[WHAT YOU NEED TO DO] Exactly as they appear below, repeat the lines from the one with "Introducing the enduring" through the one with "84 in Top 100", and no others.

[DATA EXTRACTS]
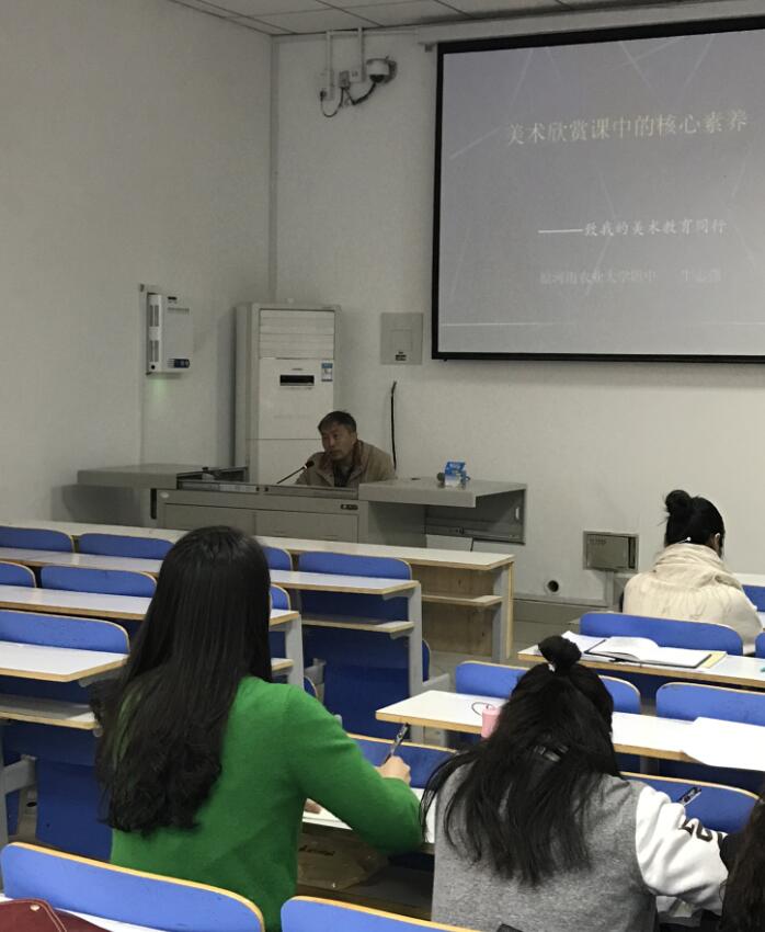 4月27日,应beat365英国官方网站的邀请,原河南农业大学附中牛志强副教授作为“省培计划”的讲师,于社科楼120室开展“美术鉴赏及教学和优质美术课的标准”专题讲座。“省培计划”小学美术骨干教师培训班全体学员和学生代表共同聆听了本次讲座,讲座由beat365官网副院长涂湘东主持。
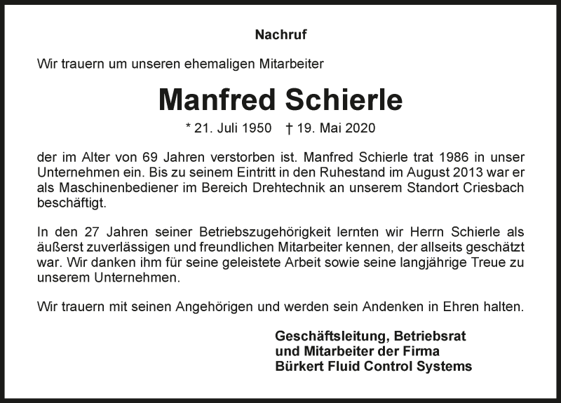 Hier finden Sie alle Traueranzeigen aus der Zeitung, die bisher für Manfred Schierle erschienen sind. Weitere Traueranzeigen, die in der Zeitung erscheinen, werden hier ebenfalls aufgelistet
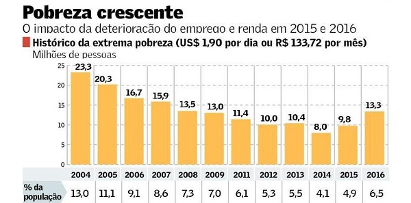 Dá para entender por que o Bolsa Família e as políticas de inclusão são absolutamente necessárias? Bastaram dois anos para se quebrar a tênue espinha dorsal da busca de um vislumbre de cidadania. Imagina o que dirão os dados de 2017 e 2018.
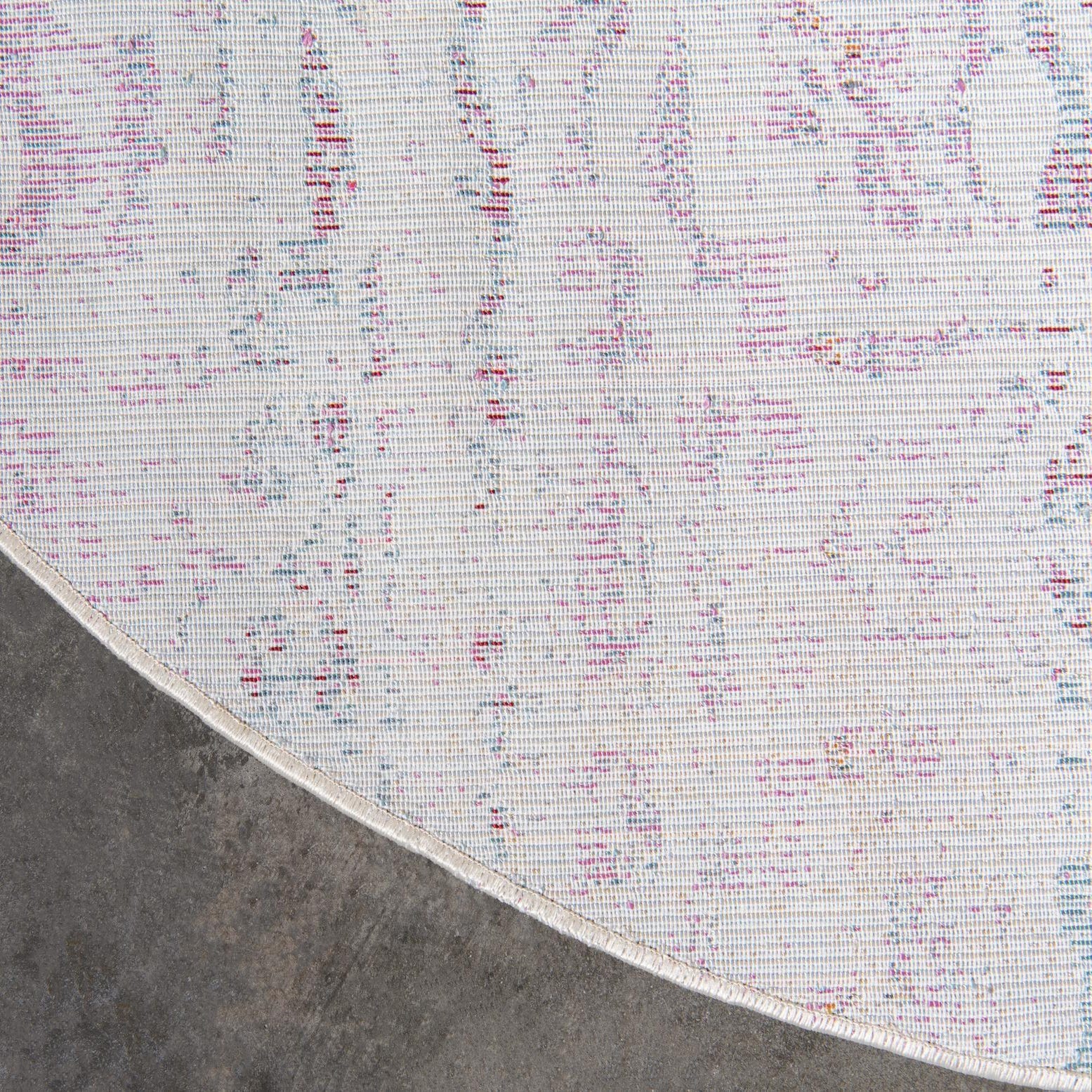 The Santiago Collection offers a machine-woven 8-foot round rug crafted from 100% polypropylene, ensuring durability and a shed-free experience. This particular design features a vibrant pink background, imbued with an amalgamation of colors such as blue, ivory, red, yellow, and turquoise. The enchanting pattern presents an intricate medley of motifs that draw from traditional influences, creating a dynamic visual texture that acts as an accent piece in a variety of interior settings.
* * *
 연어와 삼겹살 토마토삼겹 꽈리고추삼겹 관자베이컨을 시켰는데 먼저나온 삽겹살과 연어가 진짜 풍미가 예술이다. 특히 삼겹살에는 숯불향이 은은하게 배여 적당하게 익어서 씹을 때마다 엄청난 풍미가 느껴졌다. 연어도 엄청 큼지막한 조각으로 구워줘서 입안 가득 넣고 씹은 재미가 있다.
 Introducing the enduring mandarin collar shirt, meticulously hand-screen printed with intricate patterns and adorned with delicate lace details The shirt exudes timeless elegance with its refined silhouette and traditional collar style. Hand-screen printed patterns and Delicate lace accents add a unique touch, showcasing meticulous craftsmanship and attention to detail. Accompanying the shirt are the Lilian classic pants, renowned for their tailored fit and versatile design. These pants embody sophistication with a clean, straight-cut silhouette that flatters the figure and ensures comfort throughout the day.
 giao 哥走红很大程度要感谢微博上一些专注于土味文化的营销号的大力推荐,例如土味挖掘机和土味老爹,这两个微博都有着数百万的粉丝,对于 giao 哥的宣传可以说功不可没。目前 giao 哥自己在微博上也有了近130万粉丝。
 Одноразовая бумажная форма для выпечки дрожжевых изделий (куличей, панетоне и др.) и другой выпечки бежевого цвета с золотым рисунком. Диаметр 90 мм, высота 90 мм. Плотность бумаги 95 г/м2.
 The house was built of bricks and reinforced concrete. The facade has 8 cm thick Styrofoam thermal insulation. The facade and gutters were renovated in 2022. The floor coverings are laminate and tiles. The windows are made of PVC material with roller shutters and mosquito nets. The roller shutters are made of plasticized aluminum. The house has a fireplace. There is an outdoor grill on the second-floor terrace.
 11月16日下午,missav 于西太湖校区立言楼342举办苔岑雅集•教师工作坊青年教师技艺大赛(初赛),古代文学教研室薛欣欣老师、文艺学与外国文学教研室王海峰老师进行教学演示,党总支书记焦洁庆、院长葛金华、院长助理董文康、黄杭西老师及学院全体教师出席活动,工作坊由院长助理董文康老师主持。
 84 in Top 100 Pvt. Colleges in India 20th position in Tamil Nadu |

[SOLUTION FOR THIS PROBLEM]
 Introducing the enduring mandarin collar shirt, meticulously hand-screen printed with intricate patterns and adorned with delicate lace details The shirt exudes timeless elegance with its refined silhouette and traditional collar style. Hand-screen printed patterns and Delicate lace accents add a unique touch, showcasing meticulous craftsmanship and attention to detail. Accompanying the shirt are the Lilian classic pants, renowned for their tailored fit and versatile design. These pants embody sophistication with a clean, straight-cut silhouette that flatters the figure and ensures comfort throughout the day.
 giao 哥走红很大程度要感谢微博上一些专注于土味文化的营销号的大力推荐,例如土味挖掘机和土味老爹,这两个微博都有着数百万的粉丝,对于 giao 哥的宣传可以说功不可没。目前 giao 哥自己在微博上也有了近130万粉丝。
 Одноразовая бумажная форма для выпечки дрожжевых изделий (куличей, панетоне и др.) и другой выпечки бежевого цвета с золотым рисунком. Диаметр 90 мм, высота 90 мм. Плотность бумаги 95 г/м2.
 The house was built of bricks and reinforced concrete. The facade has 8 cm thick Styrofoam thermal insulation. The facade and gutters were renovated in 2022. The floor coverings are laminate and tiles. The windows are made of PVC material with roller shutters and mosquito nets. The roller shutters are made of plasticized aluminum. The house has a fireplace. There is an outdoor grill on the second-floor terrace.
 11月16日下午,missav 于西太湖校区立言楼342举办苔岑雅集•教师工作坊青年教师技艺大赛(初赛),古代文学教研室薛欣欣老师、文艺学与外国文学教研室王海峰老师进行教学演示,党总支书记焦洁庆、院长葛金华、院长助理董文康、黄杭西老师及学院全体教师出席活动,工作坊由院长助理董文康老师主持。
 84 in Top 100 Pvt. Colleges in India 20th position in Tamil Nadu |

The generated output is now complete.